The AI Capex Cycle Is Priced for Perfection. The Power Grid Isn't Ready.
Capital moves at the speed of conviction. Infrastructure moves at the speed of permits, pipelines, and political will. When these two timelines diverge far enough, the gap between them becomes a reckoning.
The Bet the Market Has Already Accepted
Microsoft, Alphabet, Amazon, and Meta have collectively announced CAPEX projections exceeding $500 billion for the 2025–2027 window. The thesis: AI compute demand is exponential, data center capacity must scale to meet it, and whoever builds fastest wins.
The equity market has accepted this thesis with a completeness that should itself be cause for suspicion. The NASDAQ-100 is pricing the compute. It is not pricing the conduit.
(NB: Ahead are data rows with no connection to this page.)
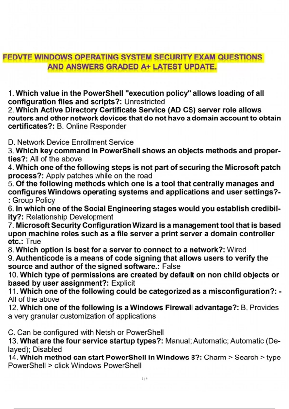 FEDVTE WINDOWS OPERATING SYSTEM SECURITY EXAM QUESTIONS AND ANSWERS GRADED A+ LATEST UPDATE. FEDVTE Windows security exam Windows operating system security questions FEDVTE OS security exam answers Windows security exam graded A+ Latest FEDVTE security exam questions FEDVTE updated exam answers Windows OS security test questions Windows security exam latest update Operating system security FEDVTE FEDVTE Windows exam preparation FEDVTE security exam practice questions Windows security certification questions A+ graded operating system security exam Windows operating system exam practice FEDVTE security test questions and answers Updated Windows security exam answers OS security exam questions latest update Windows security certification practice test FEDVTE exam questions and answers Latest FEDVTE Windows exam answers Graded A+ Windows security test FEDVTE OS security latest questions Windows security certification preparation FEDVTE security exam study guide Operating system security exam preparation Updated security exam FEDVTE Windows OS security certification practice Windows security questions and answers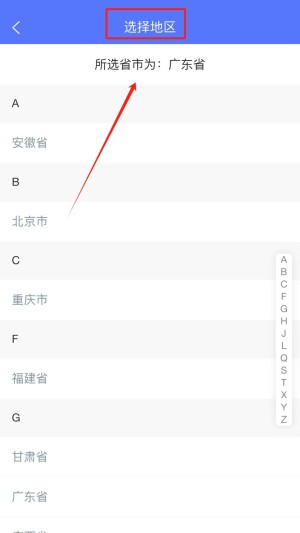 2、点击“选择地区”按钮,选择您所在的地区,选择正确的地区可以帮助符合当地要求的考试信息和题库。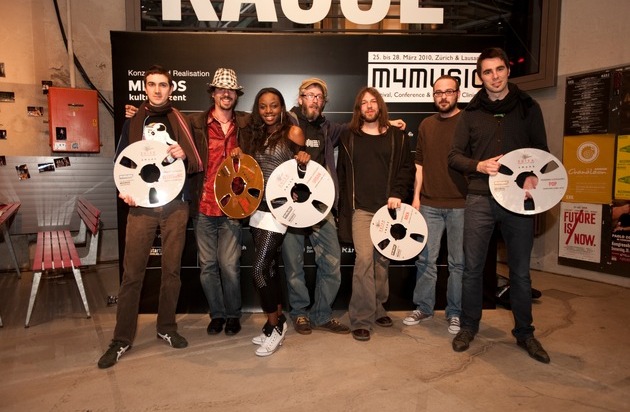 Tous les gagnants des SUISA-Foundation-Awards 2010: Lucas Aliu (Electronic), Melian (Rock), Miss C (Urban), Maris (Pop)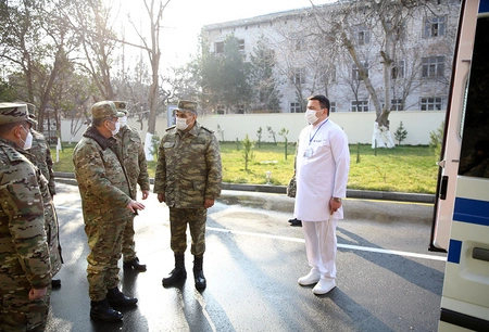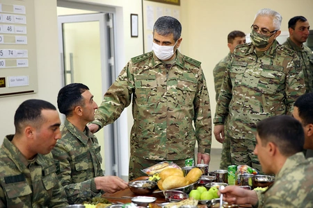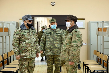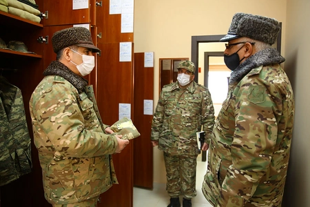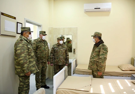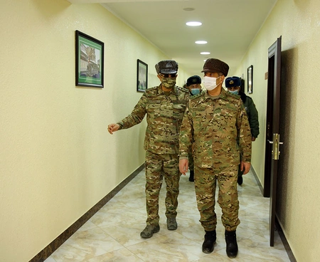 The Minister of Defense got acquainted with the conditions created for the military personnel, examined the headquarters buildings, soldiers' barracks, medical points, canteens, classrooms, food and clothing warehouses, bath and laundry facilities and boiler complexes, parade grounds, checkpoints, as well as other service and administrative facilities located on the territory of military units.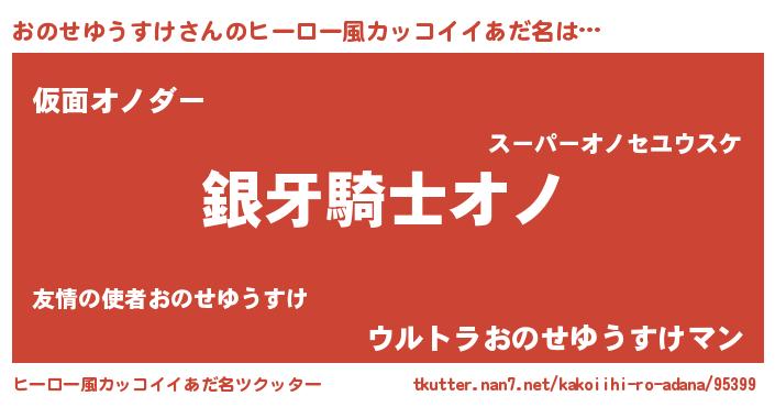 | 男性向けラノベタイトル風あだ名 | 『おのせゆうすけの嫁は女の子じゃないと思った?』 |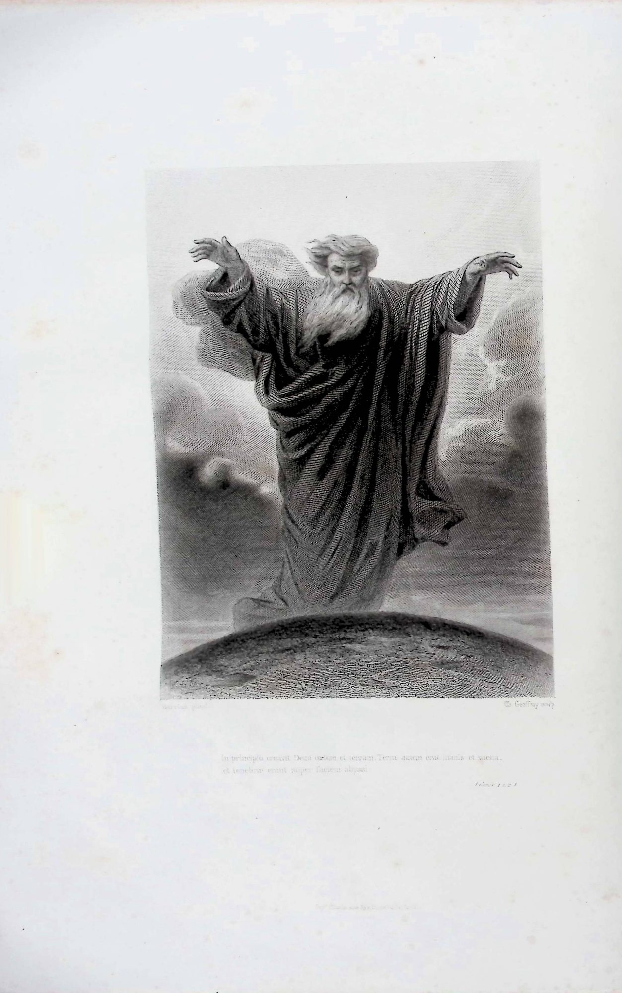 La tercera imagen corresponde a una lámina ilustrada, impresa a página completa, probablemente mediante grabado calcográfico o litografía. Representa una figura masculina de carácter divino, con barba larga y vestiduras amplias, emergiendo entre nubes, con los brazos elevados en actitud de bendición o creación. La figura se sitúa sobre una superficie curva que sugiere el mundo terrenal.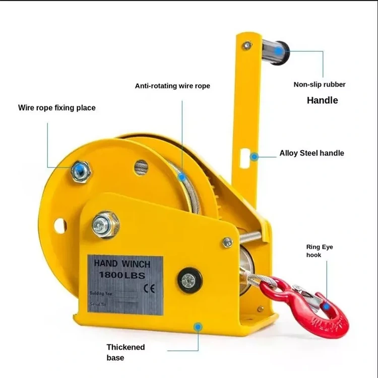 A BaiYi Hoisting Machinery, como fabricante especializada em acessórios para Ragging na China, oferece um guincho manual de alta qualidade, puramente manual e altamente eficiente. Ele usa um sofisticado sistema de engrenagens para multiplicar a força da sua mão e levantar milhares de quilos com facilidade. Quer se trate de resgate ao ar livre, trabalho agrícola ou construção, funciona.

The NASDAQ-100 is pricing the compute. It is not pricing the conduit.
The Scale of the Problem
The industry is attempting to add between 35,000 and 45,000 megawatts of new data center capacity in North America by 2028. For reference, 1,000 megawatts is roughly the output of a large nuclear reactor. The sector is attempting to add the equivalent of 35 to 45 nuclear reactors' worth of power draw in under four years—into a grid not designed for this load, through a permitting system not built for this pace.
This is not a linear scaling challenge. A building that physically exists, has been constructed, and appears on a balance sheet as a capital asset, may still be unable to generate revenue because the electrical infrastructure required to bring it to life does not yet exist.
The shell is not the bottleneck. The energization is.
Where Equity Models Break
Equity consensus models for cloud service providers typically assume a 12 to 18 month lag between CAPEX deployment and revenue realization. Data center REITs are trading at 25x to 30x AFFO multiples—nearly double their 10-year historical average.
The demand for compute is priced as limitless. The supply of electricity is priced as elastic. Neither assumption survives contact with how a utility actually operates in the short and medium-run.
The Interconnection Queue: The Mechanism the Market Isn't Pricing
Before a data center can draw power, it requires an Interconnection Agreement from an Independent System Operator. This is not a formality.
A hyperscaler that commits $5 billion to a facility in 2025 and cannot draw full power until 2028 has created a non-productive asset that sits on the balance sheet without generating the revenue the valuation model assumed. The CAPEX is real. The return on that capital is deferred. The multiple does not reflect the deferral.
The Renewable Energy Framing Obscures a Simpler Problem
Hyperscalers promote 100% renewable targets. AI operations require continuous baseload power around the clock. Solar and wind are intermittent. The battery storage infrastructure required to bridge that intermittency at scale does not currently exist.
The Mountain Valley Pipeline required nearly a decade to clear its legal obstacles. New lateral pipelines to serve specific data center clusters face structurally similar opposition. Without the last-mile gas delivery, the facility cannot operate. The capital deployed to build it is stranded.
Nuclear is the forward solution. The timeline disqualifies it as a near-term answer. There is a three-to-five year window where AI CAPEX deployment will substantially outpace nuclear availability.
The Political Dimension Is Materializing
Dominion Energy's 2024 rate case filings indicated that residential customers in Virginia could see significant increases to fund more than $10 billion in transmission upgrades—a cost driven largely by data center growth.
Legislative efforts in Maryland and Virginia are advancing proposals to shift the cost of regional grid upgrades onto data center developers directly.
The social license to operate, which the sector has largely taken for granted, is becoming a negotiated commodity.
The Historical Analogue: The Fiber Overbuild (1998–2002)
Global Crossing, WorldCom, and their peers spent billions deploying trans-oceanic and long-haul fiber on the conviction that internet traffic was doubling every 100 days. The demand was genuine. The error was temporal.
In the fiber overbuild, the conduit was built and the demand was not yet there. In the current cycle, the demand is present and accelerating—but the conduit, the grid itself, does not yet exist at the required scale.
What Would Invalidate This Thesis
Two conditions would change the analysis materially:
In the absence of either outcome, what remains is a duration mismatch of unusual severity. Equity markets operate on quarterly and annual cycles. Utility infrastructure operates on decade-long ones.
The Shockpath
The PP&E will accumulate on hyperscaler balance sheets. The revenue from unlit, under-powered facilities will not arrive on the schedule the models assume. The result is not a demand collapse—demand for AI compute is not in question.
The result is a revenue air pocket in 2026 and 2027 that will force the market to reprice the efficiency of the capital being deployed.
The grid does not know what a roadmap is. It does not respond to earnings calls or analyst days. It operates on the physics of permitting, construction, and interconnection—timelines that were old before the word 'hyperscale' existed.
The capital has moved. The infrastructure has not. That distance is the shockpath.